The dataset contains diverse features extracted from URL structures, HTML content, and website metadata, enabling deep insights into phishing behavior patterns.
This dataset comprises two types of URLs:
1. Phishing URLs: Malicious URLs designed to deceive users.
2. Benign URLs: Legitimate URLs posing no harm to users.
Key Features:
- URL-based features: Domain, protocol type (HTTP/HTTPS), and IP-based links.
- Content-based features: Link density, iframe presence, external/internal links, and metadata.
- Certificate-based features: SSL/TLS details like validity period and organization.
- WHOIS data: Registration details like creation and expiration dates.
Statistics:
- Total Samples: 800 (400 phishing, 400 benign).
- Features: 22 including URL, domain, link density, and SSL attributes.
To ensure statistical reliability, a power analysis was conducted to determine the minimum sample size required for binary classification with 22 features. Using a medium effect size (0.15), alpha = 0.05, and power = 0.80, the analysis indicated a minimum sample size of ~325 per class. Our dataset exceeds this requirement with 400 examples per class, ensuring robust model training.
Insights from EDA:
- Distribution Plots: Histograms and density plots for numerical features like link density, URL length, and iframe counts.
- Bar Plots: Class distribution and protocol usage trends.
- Correlation Heatmap: Highlights relationships between numerical features to identify multicollinearity or strong patterns.
- Box Plots: For SSL certificate validity and URL lengths, comparing phishing versus benign URLs.
EDA visualizations are provided in the repository.
The repository contains the Python code used to extract features, conduct EDA, and build the dataset.
Phishing detection datasets must balance the need for security research with the risk of misuse.
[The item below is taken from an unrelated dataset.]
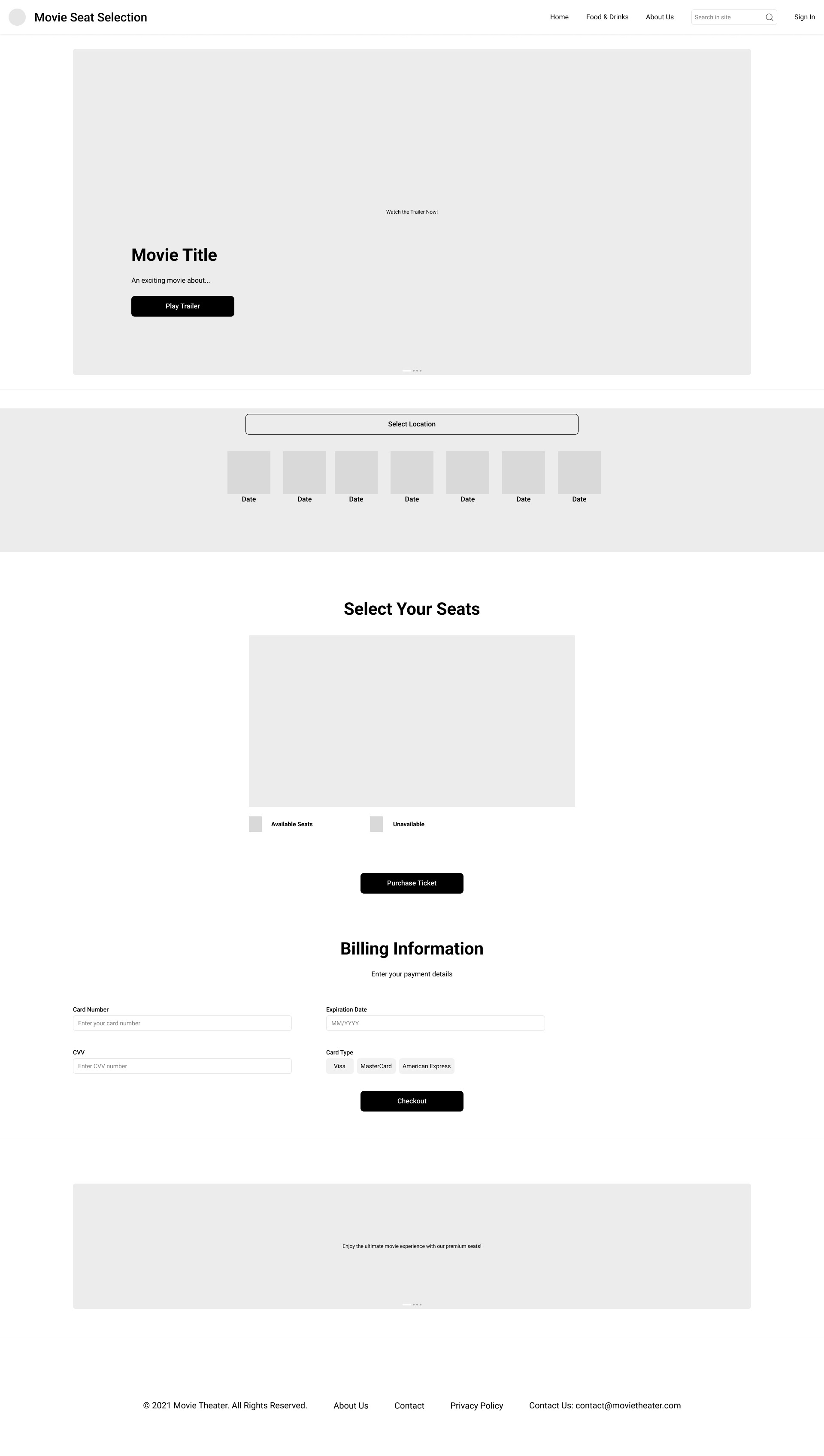 The final design brings Lumière’s vision to life—merging elegance with usability. From refined visuals to streamlined navigation, every element was crafted to meet user goals and reflect the theater’s upscale identity. The site was then developed using HTML and CSS, ensuring both form and function work seamlessly together.

This dataset:
1. Protects User Privacy: No personally identifiable information is included.
2. Promotes Ethical Use: Intended solely for academic and research purposes.
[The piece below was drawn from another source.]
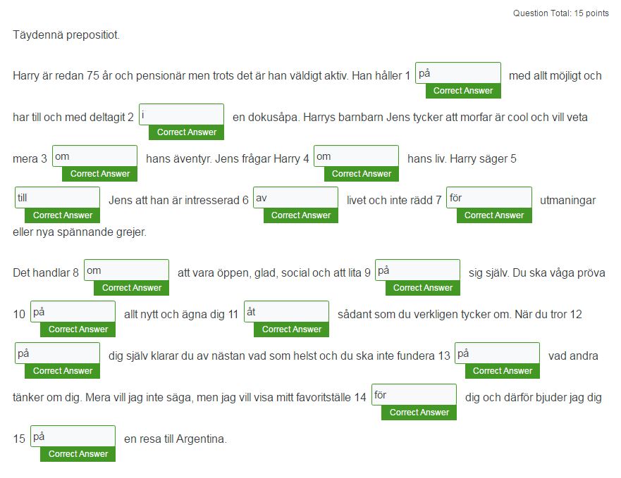 Poikkesin Pekka Peuran menetelmästä siinä, että joka kolmas oppitunti oli ns. tavallinen tunti, joilloin testattiin sanaston hallintaa perinteisillä paperisilla sanakokeilla, tehtiin kuunteluja ja käytiin läpi kielioppirakenteita. Pidämme koeviikolla myös normaalin (sähköisen) kurssikokeen, mutta opiskelijat saavat itsekin ehdottaa itselleen sopivaa kurssiarvosanaa.

3. Avoids Reinforcement of Bias: Balanced class distribution ensures fairness in training models.
Risks:
- Misuse of the dataset for creating more deceptive phishing attacks.
- Over-reliance on outdated features as phishing tactics evolve.
Researchers are encouraged to pair this dataset with continuous updates and contextual studies of real-world phishing.
This dataset is shared under the MIT License, allowing free use, modification, and distribution for academic and non-commercial purposes. License details can be found here.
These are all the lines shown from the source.